Can a man ever really change?

55 replies

bofski14 · 08/01/2014 15:19

I have been with my partner for just over a year, in which time we have bought a house together and we have a six week old baby. Admittedly things have moved very quickly but it was love at first sight and we are madly in love. A few months into the relationship he told me that he loved me but that he should stay away from me for my own sake as he would end up hurting me. He said he wasn't a good person. I persuaded him to try and see that he does deserve happiness. He's been married before which ended quickly and was not a good experience for him and this has left him with little confidence and a complex about himself that he is unworthy of love. Lately he has been quite patronising to me asking if I'm stupid or telling me to go grow a brain if I don't get what he's saying straight away. He's told me to F off, he's shouted at me quite a few times and last night called me a c*nt. He says he's sorry and that he doesn't mean it and I genuinely think he's sorry. He says he loves me and he doesn't know why he's sabotaging everything. I have our daughter to think of. I don't want her growing up in a broken home but I don't want her witnessing this behaviour either. I feel so trapped because whatever I do, she ends up losing out. I have given up work to stay home and raise our baby so I feel very insecure. I feel like he's pushing me away and I'm scared I will stop loving him and the feelings won't ever come back. He said he wants to change. How can I help him? Can a man ever really change? I want to keep my family together.

OP posts:
cestlavielife · 09/01/2014 12:56

but for now, have him leave and live elsewhere while your dad is here so you can spend some nice time with your dad. then consider the future.

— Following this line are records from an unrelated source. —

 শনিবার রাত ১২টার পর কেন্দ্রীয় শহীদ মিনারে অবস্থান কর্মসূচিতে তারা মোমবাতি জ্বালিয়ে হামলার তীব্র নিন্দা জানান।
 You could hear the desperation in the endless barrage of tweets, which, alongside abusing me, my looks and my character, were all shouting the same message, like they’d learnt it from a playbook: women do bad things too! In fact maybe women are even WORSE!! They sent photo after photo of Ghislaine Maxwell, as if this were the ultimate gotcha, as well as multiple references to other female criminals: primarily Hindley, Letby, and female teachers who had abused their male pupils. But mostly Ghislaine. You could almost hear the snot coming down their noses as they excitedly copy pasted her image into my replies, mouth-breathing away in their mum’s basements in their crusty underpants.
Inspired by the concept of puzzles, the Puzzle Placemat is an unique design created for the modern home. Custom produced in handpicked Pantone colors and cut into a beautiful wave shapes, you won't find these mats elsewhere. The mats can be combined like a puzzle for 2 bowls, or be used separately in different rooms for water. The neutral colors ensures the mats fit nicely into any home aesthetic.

cestlavielife · 09/01/2014 12:57

you cant help him change it has to comefrom him witha good therapist. you can support if he goes on that journey but unless you are a CBT therapist you cannot help him, no.

and try some counselling even a few sessions for yourself too.

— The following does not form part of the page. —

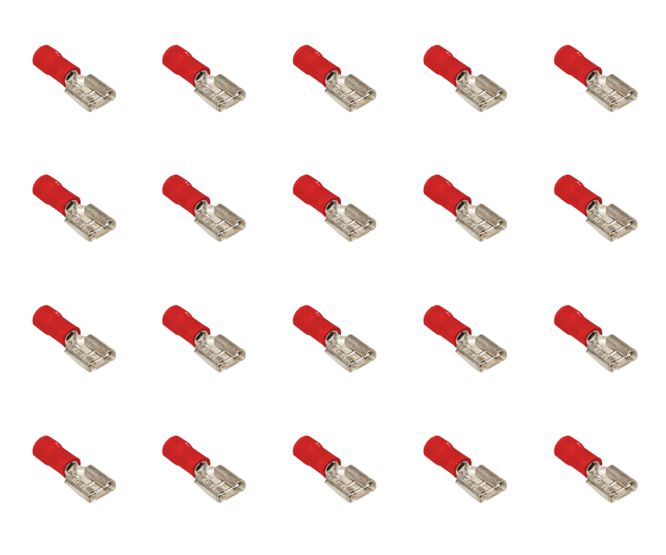 PRE-INSULATED RED FEMALE CRIMP TERMINAL, 0.5-1.5mm2 WIRE.

Diplopoda · 09/01/2014 13:04

''Textbook. When he told you he should stay away and he was a bad person he was setting you up. When you complain about his behaviour in the background for both of you is always "well I did warn you, you knew what you were getting yourself into".
Also the "poor me, I've been hurt" line. He's just full of excuses isn't he?''

This ^^
Classic abuse - draws you in, shows true weak-as shit-colours, blames you,down ward spiral, repeat repeat.
Get out now.

meditrina · 09/01/2014 13:12

I think it is very important that you return to work.

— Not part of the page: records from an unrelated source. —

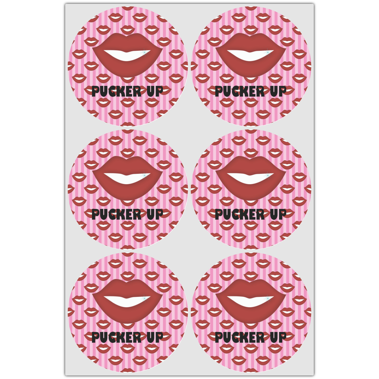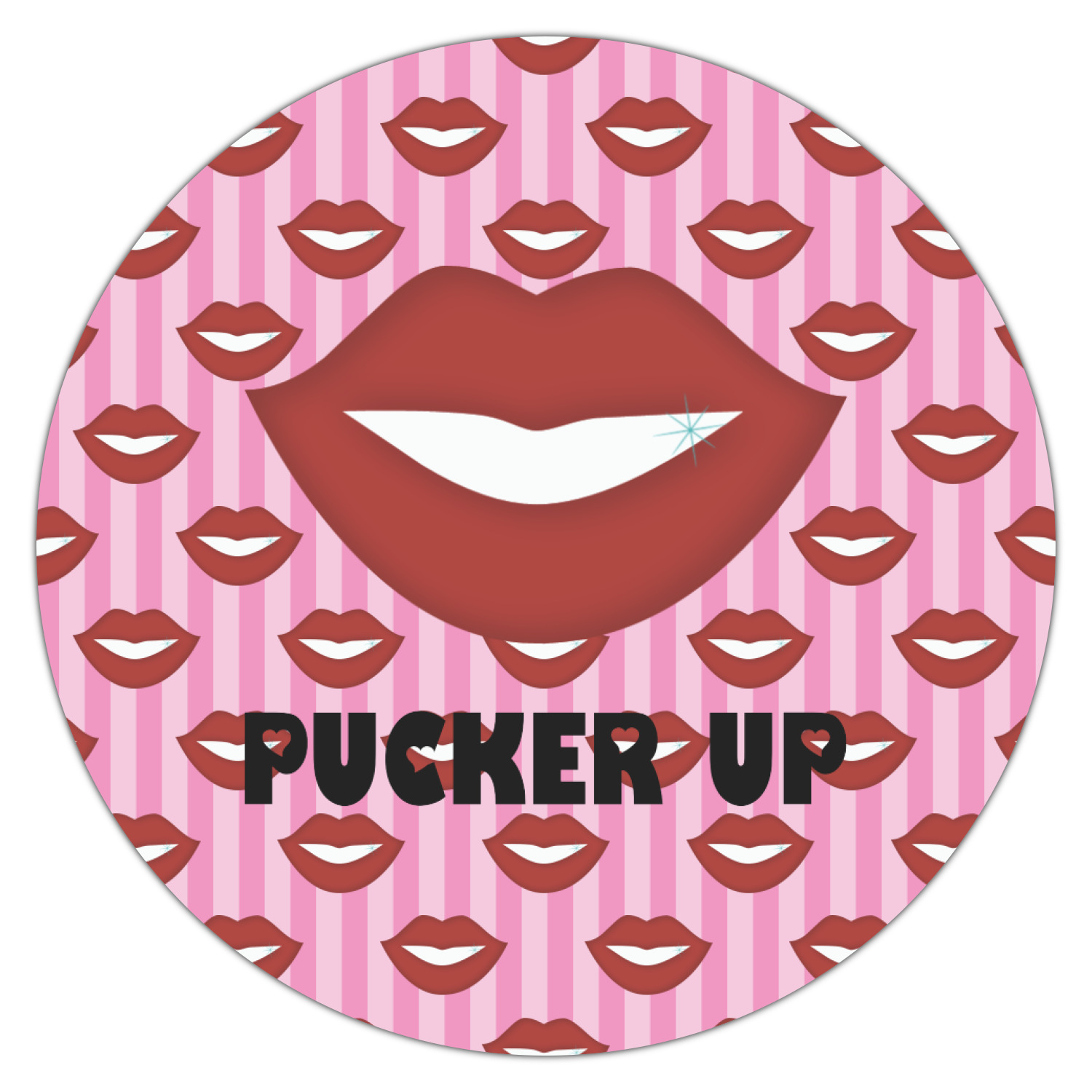 This Lips / Pucker Up design was created by very own Tina D'Astoli for her make up bag. We thought it was beautiful enough to convert to a full fledged design for all our products. It is a layered design with striped in the background (Tina of course chose pink; the stripes are re-color-able), layered with lips. Tina also chose to the use a large graphic and text layout - with lips and the words "Pucker Up" in a black with the Holes are Hearts font.
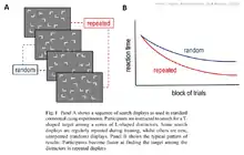 In psychology, contextual cueing refers to a form of visual search facilitation which describe targets appearing in repeated configurations are detected more quickly. The contextual cueing effect is a learning phenomenon where repeated exposure to a specific arrangement of target and distractor items leads to progressively more efficient search.[1]
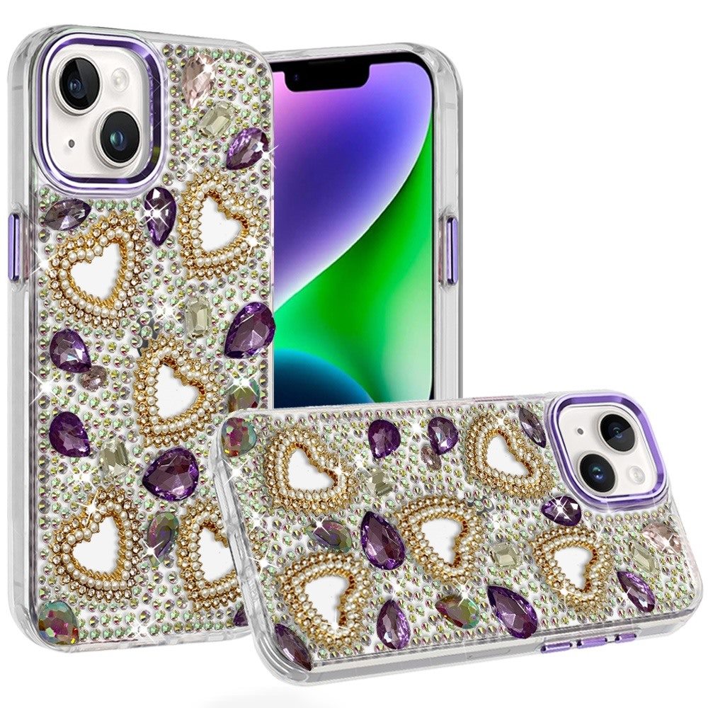 For iPhone 13/14 Luxury Crystal Heart Rhinestones Diamond Bling Hybrid Case - Dark Purple
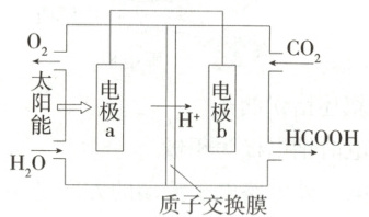 (1)图示为原电池装置,$ CO_2$在电极b附近转化为$ HCOOH$,发生还原反应,即电极b作正极,电极反应式为$ CO_2+2 e^-+2 H^+\longrightarrow HCOOH$。

As you are not married, you need to keep an independent income. This is true for all, but seriously importantnt for you. You need to be associating on a regular basis with people who will treat you with respect so you see, every working day, the difference between normal interactions and how he is treating you. Do not let yourself become isolated.

Meerka · 09/01/2014 13:45

Yes, do return to work if you can. It gives you the confidence of earning your own money (specially if you're with someone who can be off about money) and it can really help your self respect - and it lets you speak to other adults in a job-orientated setting.

If you have got to the stage of feeling dead inside it will take a lot longer than 6 weeks to rekindle anything ... IF it's possible to at all. 6 months minimum, more like 18 months. Sorry, it's a long time but 6 weeks is very little to hold your temper in.

If, if he can change at all, it will take a lot of time. As madeofstone says, it's a very hard job.